Exploring Simple Siamese Representation Learning
Contents
- Abstract
- Introduction
- Method
- Pseudocode
0. Abstract
Siamese Networks
- common structure in unsupervised visual representation learning
- Maximizes the similarity between 2 augmentations of one image
Propose a simple Siamese networks , using none of…
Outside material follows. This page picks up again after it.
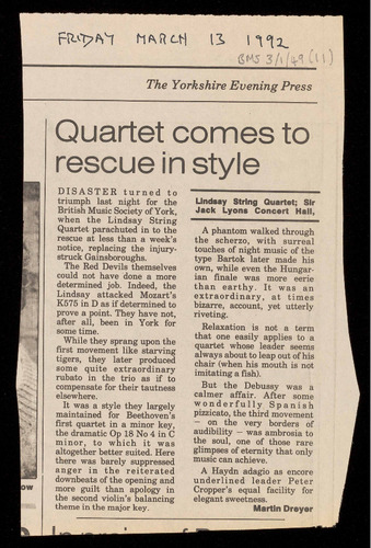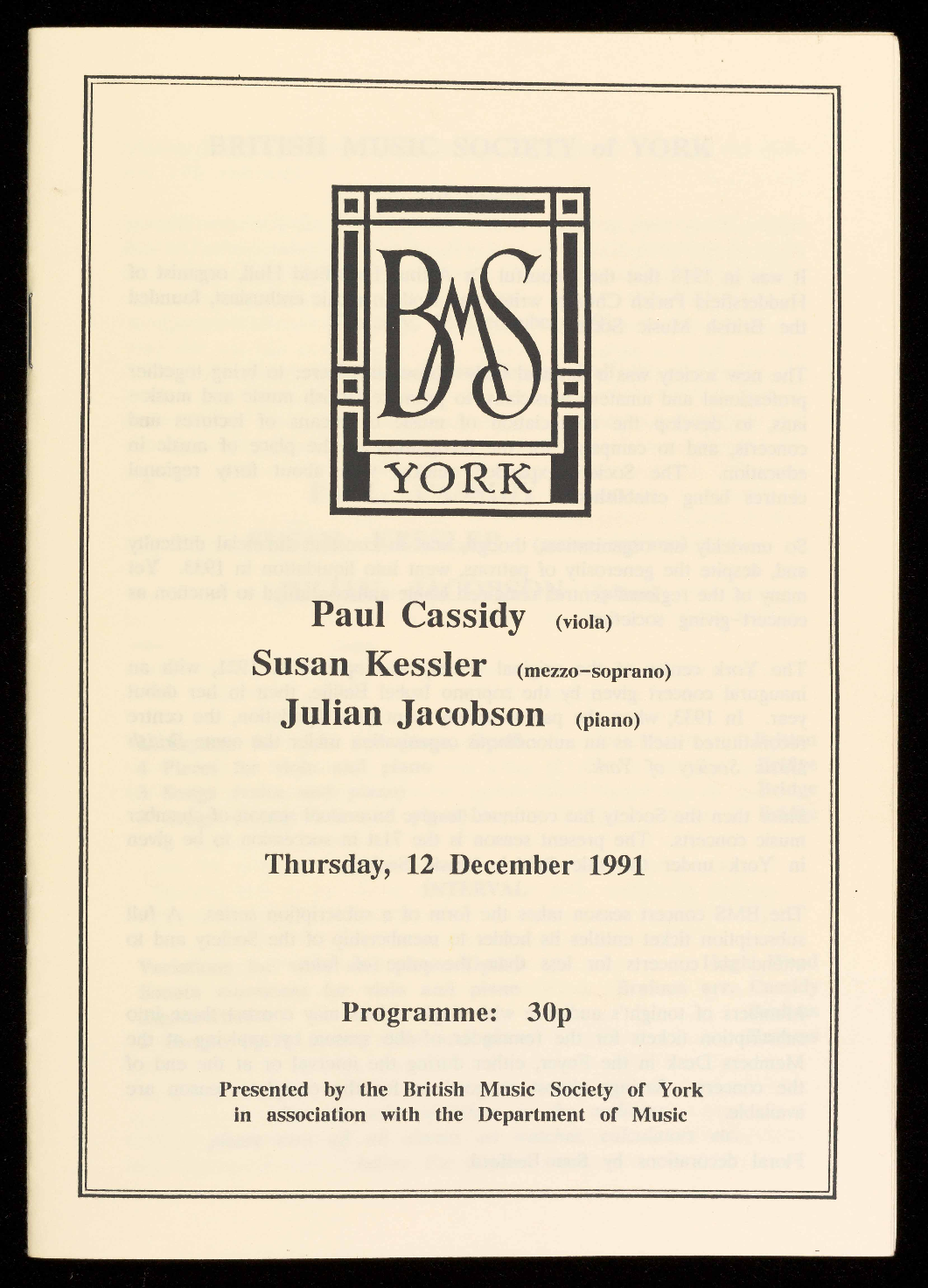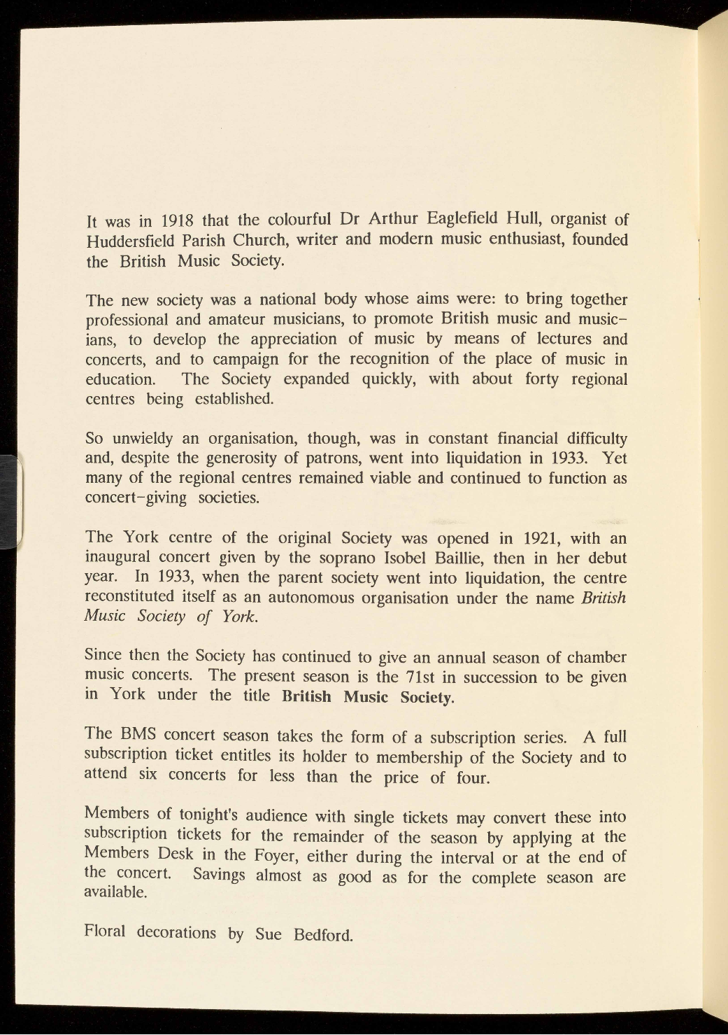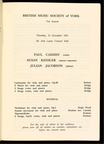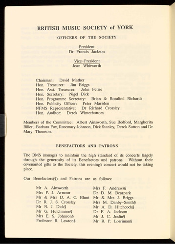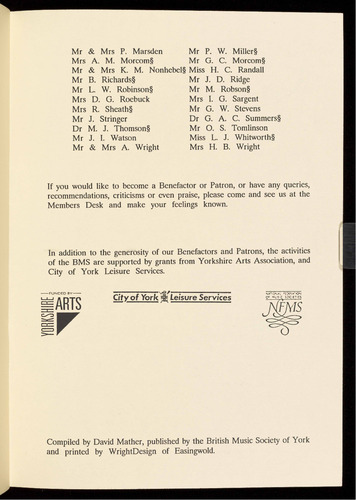 Presented by the British Music Society of York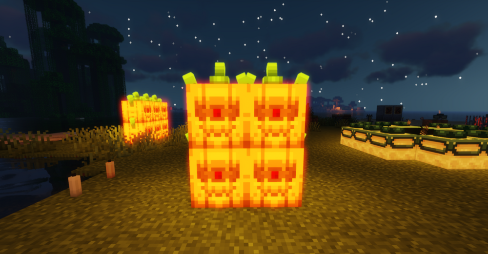 Ресурс-пак раскрывается в тёмных локациях, хэллоуинских постройках, заброшенных домах, кладбищах, лесных тропах и любых местах, где важен тревожный визуальный акцент. Даже несколько таких тыкв могут резко изменить настроение сцены и сделать окружение более напряжённым. Пакет остаётся достаточно локальным: он не требует полной хоррор-переработки текстур, чтобы быть полезным.

- (1) negative sample pairs
- (2) large batches
- (3) momentum encoders
stop-gradient operation plays an essential role in preventing collapsing
1. Introduction
Collapsing problem of Siamese networks… Solutions?
(1) SimCLR ( contrastive learning )
- repulses negative pairs
- attracts positive pairs
(2) SwAV
- use online clustering
(3) BYOL
- relies only on positive pairs,
- but does not collapse in case a momentum encoder is used
(4) SimSiam ( Proposed )
- none of the above strategies!
2. Method
Input : 2 randomly augmented views ( = \(x_1\) & \(x_2\) )
Model
- (1) encoder network \(f\)
- (1-1) backbone ( = ResNet )
- (1-2) projection MLP
- (2) prediction MLP head \(h\)
- transforms the output of one view & matches it to other view
Notation
- 2 output vectors :
- \(p_{1} \triangleq h\left(f\left(x_{1}\right)\right)\).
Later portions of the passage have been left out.